Como funciona tecnicamente o Captive Portal?

Quando um dispositivo se conecta ao Wi-Fi, ele ainda não tem acesso total à internet. Todo o seu tráfego (especialmente o HTTP/S) é interceptado pelo roteador ou por um equipamento dedicado. Assim, ao tentar acessar qualquer página, o usuário é automaticamente redirecionado para o Captive Portal, ou seja, uma página “cativa”.

Ali, a rede pode:

  • Solicitar o aceite de termos de uso e políticas de privacidade
  • Solicitar cadastro, login ou senhas de acesso
  • Exigir o preenchimento de formulários de cadastro ou voucher
  • Exibir anúncios e ofertas específicas do estabelecimento

Só depois do usuário cumprir o requisito imposto (aceitar termo, preencher dados, fornecer voucher etc.), seu acesso ao restante da internet é liberado.

Exemplos de uso do Captive Portal

  • Aeroportos: solicitam o número do passaporte, e-mail ou código de passagem para liberar acesso por tempo limitado.
  • Cafeterias e restaurantes: exigem aceitação dos termos de uso e permitem navegar pelo Wi-Fi por um período determinado; às vezes, é preciso comprar um produto e receber um voucher com senha.
  • Universidades e empresas: autenticação com login institucional, promovendo controle sobre quem realmente acessa a rede.
  • Hotéis: exigem o número do quarto e sobrenome do hóspede.

Quais são os benefícios do Captive Portal?

  • Controle de acesso: Só permite a navegação de pessoas autorizadas ou que forneçam dados mínimos.
  • Política de segurança e rastreabilidade: Auxilia a identificar quem acessou a rede e em que momento, útil em auditorias ou incidentes.
  • Marketing: Permite coletar dados (como telefone ou e-mail) e realizar ações de publicidade personalizada.
  • Limite de tempo ou banda: Estabelecimentos podem delimitar quanto tempo ou quanta banda cada usuário pode consumir.

Quais os riscos para o usuário?

Apesar de serem úteis para os donos da rede, os Captive Portals trazem alguns riscos e pontos de atenção:

  • Privacidade: Informações coletadas podem ser usadas para marketing ou até vendidas para terceiros.
  • Falsos captive portals (phishing): Atacantes podem configurar redes falsas com página idêntica ao portal de um local, enganando pessoas e capturando dados de acesso, e-mails e até senhas.
  • Sensação de segurança enganosa: Muitos usuários acham que, após aceitar o portal, a navegação está protegida, quando na verdade muitos desses ambientes são abertos e não criptografados.
  • Risco de interceptação: Mesmo após autenticado, em redes abertas o tráfego pode ser interceptado por outros usuários conectados.

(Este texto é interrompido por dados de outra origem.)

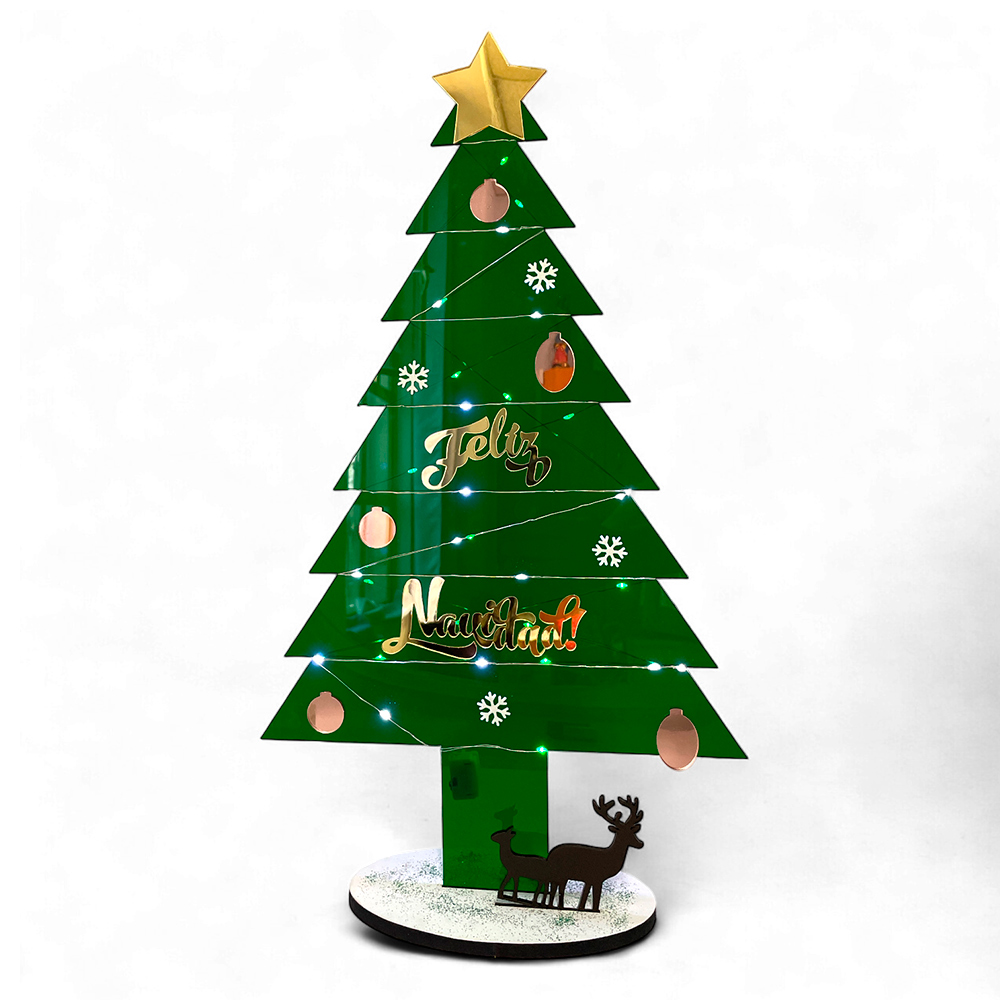 Arbol NAV c/base y venados Acrilico Verde Luz LED - 30x51cmH Arbol NAV c/base y venados Acrilico Verde Luz LED - 30x51cmH
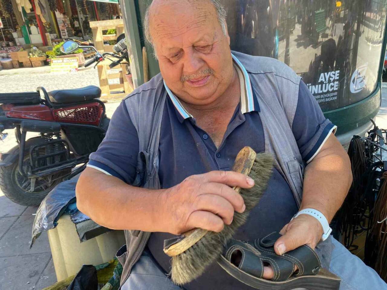 Eskişehir’de uzun yıllar belediyede şoförlük yapan 75 yaşındaki Selahattin İnce, emekli olduktan sonra çalışmaya devam edip çocukluk mesleği olan ayakkabı boyacılığına başladı.

Como se proteger ao usar redes com Captive Portal?

Evite inserir senhas de serviços importantes

Só forneça o mínimo de dados necessários e nunca use a mesma senha do Wi-Fi para outros serviços.Prefira conexões HTTPS sempre

Só acesse bancos e dados sensíveis se o site mostrar o cadeado de segurança no navegador.Use VPN sempre que possível

VPN protege seu tráfego, mesmo após passar pelo captive portal.Não reutilize e-mails ou senhas importantes

Se precisar informar e-mail, use um endereço alternativo, nunca o corporativo ou bancário.Desconecte-se após o uso e esqueça a rede

Isso evita que o dispositivo reconecte automaticamente em falsas redes do mesmo nome.

Curiosidade

Empresas sérias usam captive portal como camada extra de segurança, mas cibercriminosos já aproveitaram essa técnica para clonar portais legítimos em ataques conhecidos como Evil Twin, tornando o golpe ainda mais convincente.

Conclusão

O Captive Portal é parte do dia a dia de quem usa Wi-Fi fora de casa. Embora facilite o controle para estabelecimentos, o usuário deve estar atento aos riscos e adotar hábitos de navegação segura, principalmente em ambientes públicos ou concorridos. Usar VPN e desconfiar de pedidos de dados sensíveis continuam sendo boas práticas para proteger sua privacidade enquanto aproveita o Wi-Fi gratuito.